# Just North....



## AtticaFish (Nov 23, 2008)

If we don't get an extended deep freeze soon - i will be heading North into MI to find some water to walk on. Don't realy care about hitting big water, smaller water with any panfish action is prefered but wouldn't mind some bass or cats either.

Figure i could drive 3-4 hours max from the Toledo area for a single day trip........... Anyone know of a link that shows the smaller accesible PUBLIC waters in the southern half of MI? Or if anyone makes trips up there - where do you go? Houghton Lake has been mentioned but that looks like a huge lake by my NW OH standards.  Smaller lakes would be fine by me.


----------



## fish master (Dec 24, 2005)

heres a web site i used when i took my trip up there.... its like OGF
http://www.michigan-sportsman.com/forum/forumdisplay.php?f=69


----------



## gaterman (Dec 29, 2010)

You will have to go more north than sothern MI. I live in hillsdale area and there is no ice here. I think you will need to go past lansing at lest to find ice if not further. I hope with this cold front coming will fix that problem. Get on 127 and head north. Let us know what you find.


----------



## Bowhunter57 (Feb 9, 2011)

AtticaFish,
I read a post about some guys ice fishing in the Cadillac, Michigan area. I used to bowhunt the Manistee Nat. Forest there and there are some nice lakes in that area that are open to the public. It might be a bit farther than you care to drive, but the way the winter weather is going for us Buckeyes, a person that's interested in doing ANY ice fishing this year may have to do some driving. 

After watching this video, I've given some thought to making a 4 day fishing trip to the Wisconsin area of Lake Michigan.





Good luck!
Bowhunter57


----------



## fishintechnician (Jul 20, 2007)

dont get why they are on just a peice of chucnk ice, looks like the boated to theat peice and are fishing from it......doesnt seem real safe


----------



## big red (Feb 4, 2010)

i go to mich 3-4 times a year.fish with a good friend.we fish in the brighton and howell area.do really go on pike and pan fish.a couple of the lakes are whitmore and zooky lakes.
there are several lakes in that area that are state lakes and accessible.they will take you les than 2 hrs to get to any one of them.


----------



## Bowhunter57 (Feb 9, 2011)

fishintechnician said:


> dont get why they are on just a peice of chucnk ice, looks like the boated to theat peice and are fishing from it......doesnt seem real safe


fishintechnician,
I've asked the same question(s).

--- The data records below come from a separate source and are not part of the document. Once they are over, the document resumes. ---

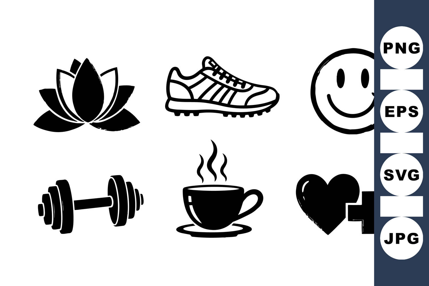 A collection of black silhouette icons includes lotus flower, dumbbell, sports shoe, smiling face, steaming coffee cup, and heart with health cross, illustrating wellness and lifestyle essentials.
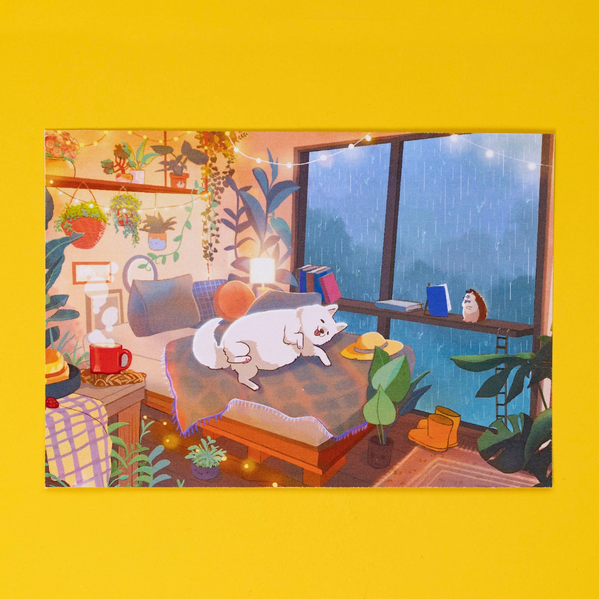 Kinder World collaboration artist Debbie Balboa perfectly captured the cozy vibe of a rainy afternoon in Kinder World.
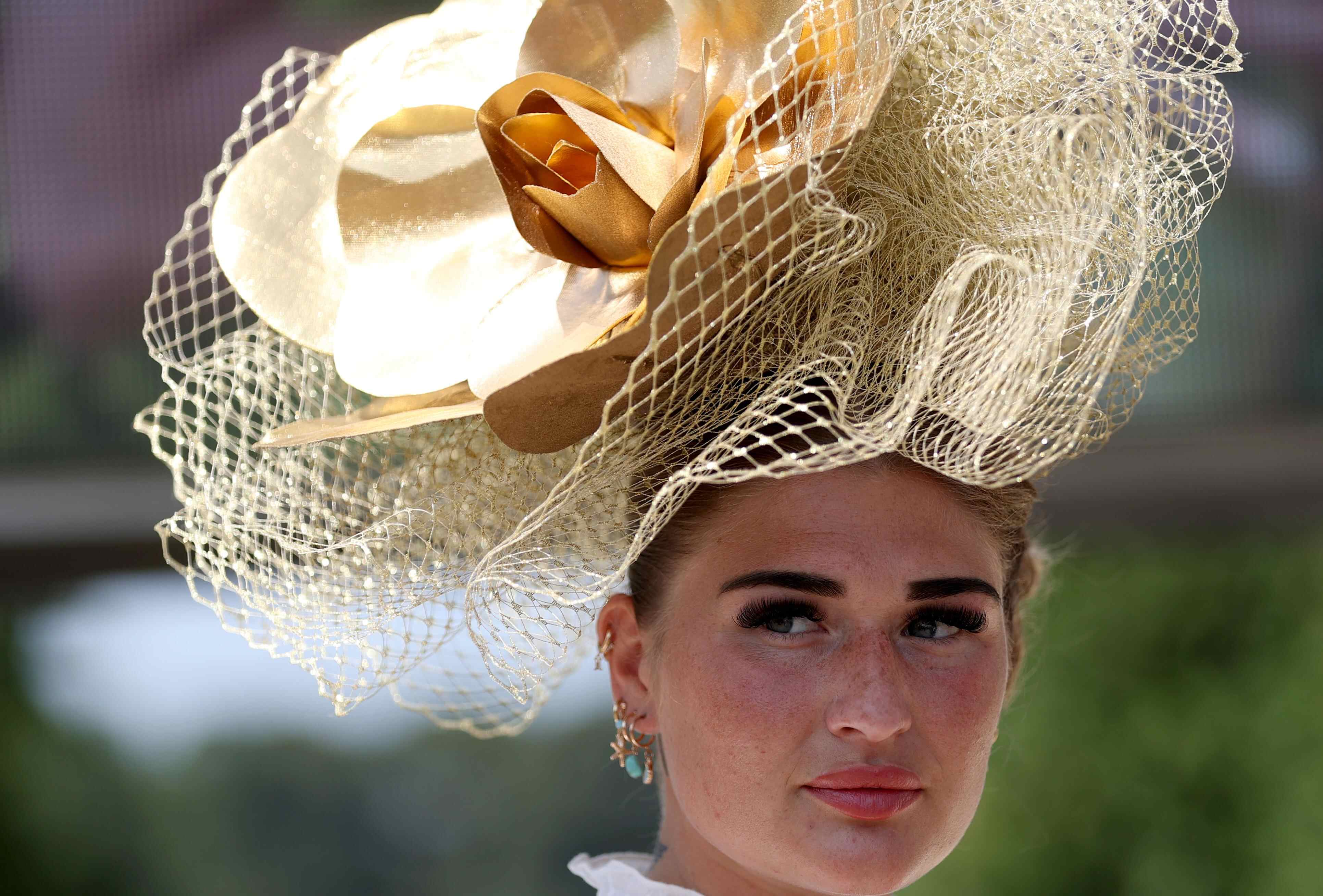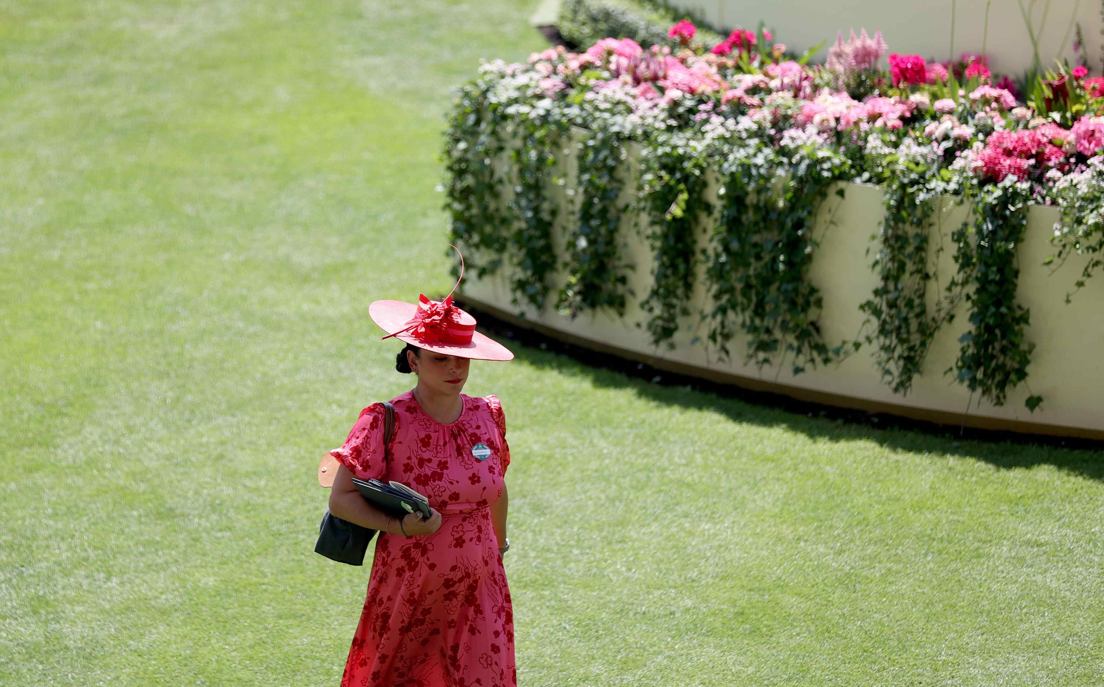 6月19日,在英国阿斯科特,一名女子出席皇家阿斯科特赛马会。

Espeically, when there's open water...they could be in a boat, using regular fishing equiment, life jackets and it would be a whole lot safer.

Whatever! 

Bowhunter57


----------



## 1977 walleye guy (Mar 11, 2006)

Drove 6 hrs one way two weeks ago to ice fish on fletchers pond. obviously not a day trip, but it was a great 4 day trip.
Fishing was good for pike.


----------



## craig (Feb 9, 2008)

Ya it looked alittle sketchy ice wise, but that lookes well worth some drive time. That looks incredibly fun. Im more of an eye fisher man than trout but that would b great if it were closer. Never had to do this yet in my 8 yrs of ice fishing but thinking of maybe going some where up north when theres good ice to do some walleye/perch fishing.This weather is nice for the most part, im just jonesing for the ice bad. Want to use my new shanty, cant wait for the feel of a vibe getting slamed.Hopefully we all dont have to travel to get our ice fix, but it doesnt look good.


----------